Good example is flate2 crate, it has Compress and Decompress structures that get input and output buffers, but don't manage the buffering and I/O themselves.

brandonros commented 3 weeks ago

https://docs.rs/flate2/1.0.34/src/flate2/deflate/bufread.rs.html#116-118

flate2 encoders for sure just use std::io::Write and not this cool sans I/O thing you are talking about, right?

link2xt commented 3 weeks ago

flate2 encoders for sure just use std::io::Write and not this cool sans I/O thing you are talking about, right?

async-compression does not use std::io::Write, but the Compress API instead: https://github.com/Nullus157/async-compression/blob/f0a5c7420de645bbb76898866c11cb5a50ecf89d/src/codec/flate/encoder.rs#L33-L35

Same for the sync compressor you link to, it also uses sans-io Compress API internally.

Once you have something like compress function that operates on memory buffer, you can implement both std::io::Write and AsyncWrite on top of it.
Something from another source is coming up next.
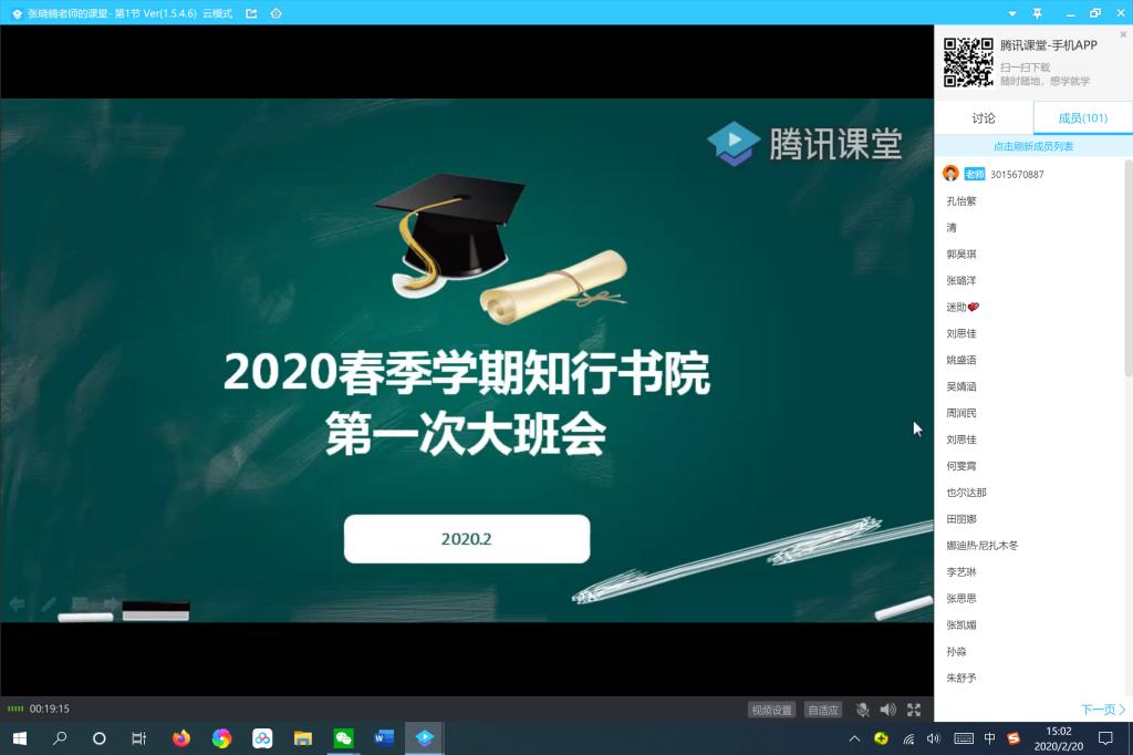 的第一次大班会。疫情当前,为配合后期开学课程安排,此次班会书院采用了线上网络直播的方式,以试运行线上课堂效果,“停课不停学”,新学期的各项工作正有条不紊地进行着。

But lz4_flex implements compressor directly in std::io::Write implementation, so writing AsyncWrite is not possible without copy-pasting the code from sync implementation or wrapping sync implementation by running it in a separate thread (this is what e.g. tokio::fs module does to wrap std::fs but that's hacky and means underlying file is owned by a thread or you need to add synchronization on top).